_WHAT TO PRODUCE_:
Where the data below contains pictures, omit them; output the rest word for word.

_EXERCISE DATA_:
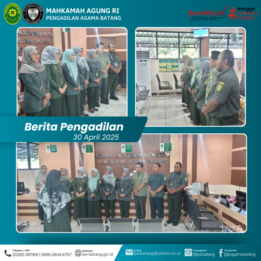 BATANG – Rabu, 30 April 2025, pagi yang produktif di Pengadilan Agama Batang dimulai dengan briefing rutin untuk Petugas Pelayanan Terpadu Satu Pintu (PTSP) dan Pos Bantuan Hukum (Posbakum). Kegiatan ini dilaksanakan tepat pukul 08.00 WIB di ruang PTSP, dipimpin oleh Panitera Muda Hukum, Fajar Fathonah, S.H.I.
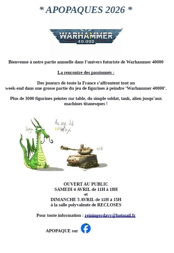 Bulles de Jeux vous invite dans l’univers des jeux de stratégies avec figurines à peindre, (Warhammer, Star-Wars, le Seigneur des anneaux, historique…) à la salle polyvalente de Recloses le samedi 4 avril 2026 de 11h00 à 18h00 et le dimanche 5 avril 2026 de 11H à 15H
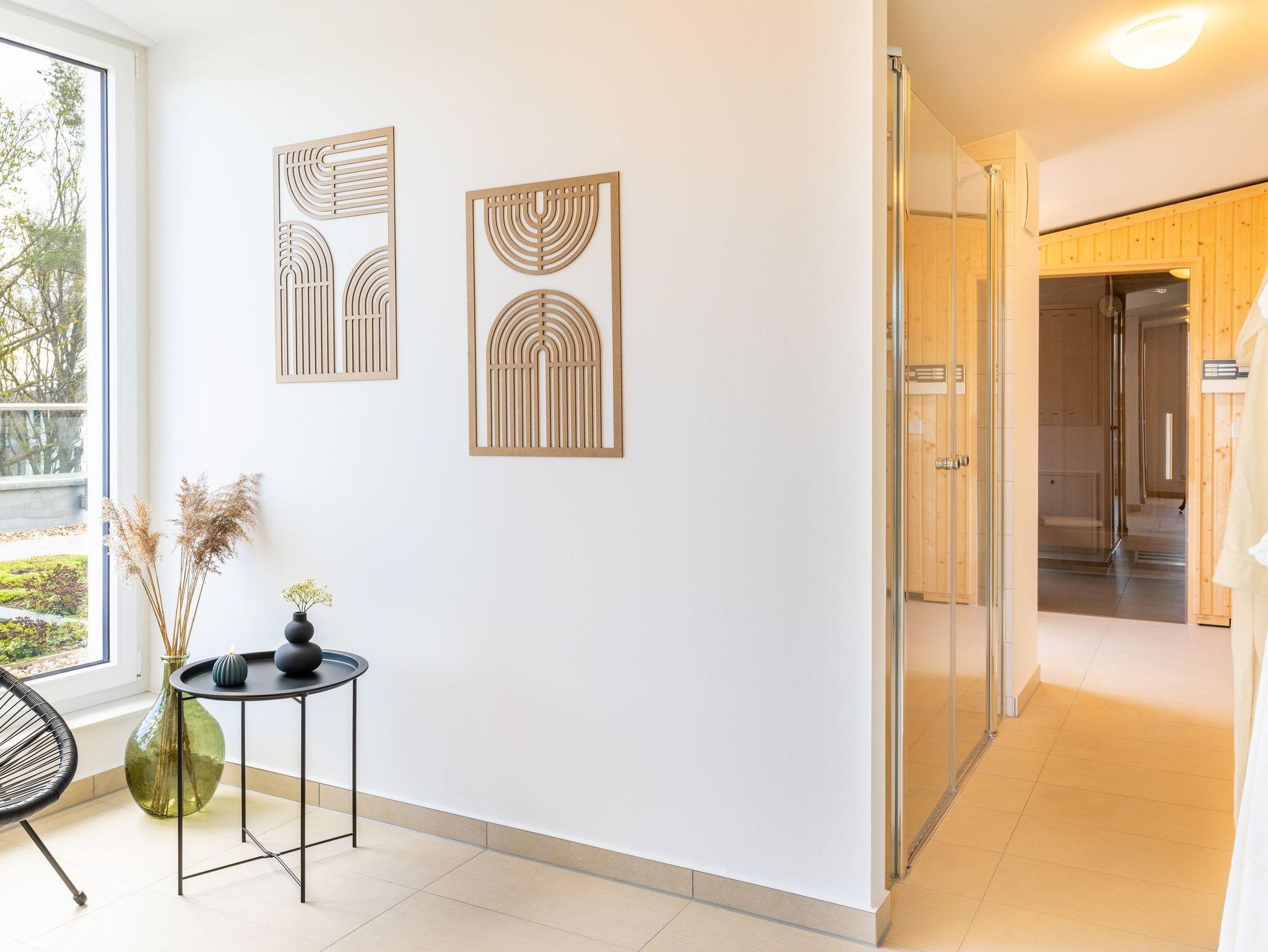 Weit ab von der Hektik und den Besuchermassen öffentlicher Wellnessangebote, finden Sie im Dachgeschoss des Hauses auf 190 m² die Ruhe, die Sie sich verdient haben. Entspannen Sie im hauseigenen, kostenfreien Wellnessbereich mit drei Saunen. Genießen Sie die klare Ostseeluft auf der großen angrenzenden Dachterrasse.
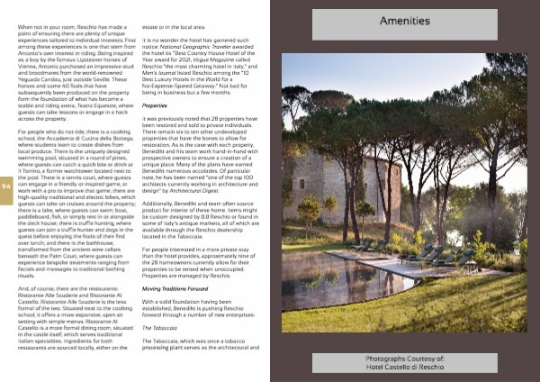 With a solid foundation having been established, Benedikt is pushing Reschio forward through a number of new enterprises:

_SOLUTION TO THIS PROBLEM_:
 BATANG – Rabu, 30 April 2025, pagi yang produktif di Pengadilan Agama Batang dimulai dengan briefing rutin untuk Petugas Pelayanan Terpadu Satu Pintu (PTSP) dan Pos Bantuan Hukum (Posbakum). Kegiatan ini dilaksanakan tepat pukul 08.00 WIB di ruang PTSP, dipimpin oleh Panitera Muda Hukum, Fajar Fathonah, S.H.I.
 Bulles de Jeux vous invite dans l’univers des jeux de stratégies avec figurines à peindre, (Warhammer, Star-Wars, le Seigneur des anneaux, historique…) à la salle polyvalente de Recloses le samedi 4 avril 2026 de 11h00 à 18h00 et le dimanche 5 avril 2026 de 11H à 15H
 Weit ab von der Hektik und den Besuchermassen öffentlicher Wellnessangebote, finden Sie im Dachgeschoss des Hauses auf 190 m² die Ruhe, die Sie sich verdient haben. Entspannen Sie im hauseigenen, kostenfreien Wellnessbereich mit drei Saunen. Genießen Sie die klare Ostseeluft auf der großen angrenzenden Dachterrasse.
 With a solid foundation having been established, Benedikt is pushing Reschio forward through a number of new enterprises:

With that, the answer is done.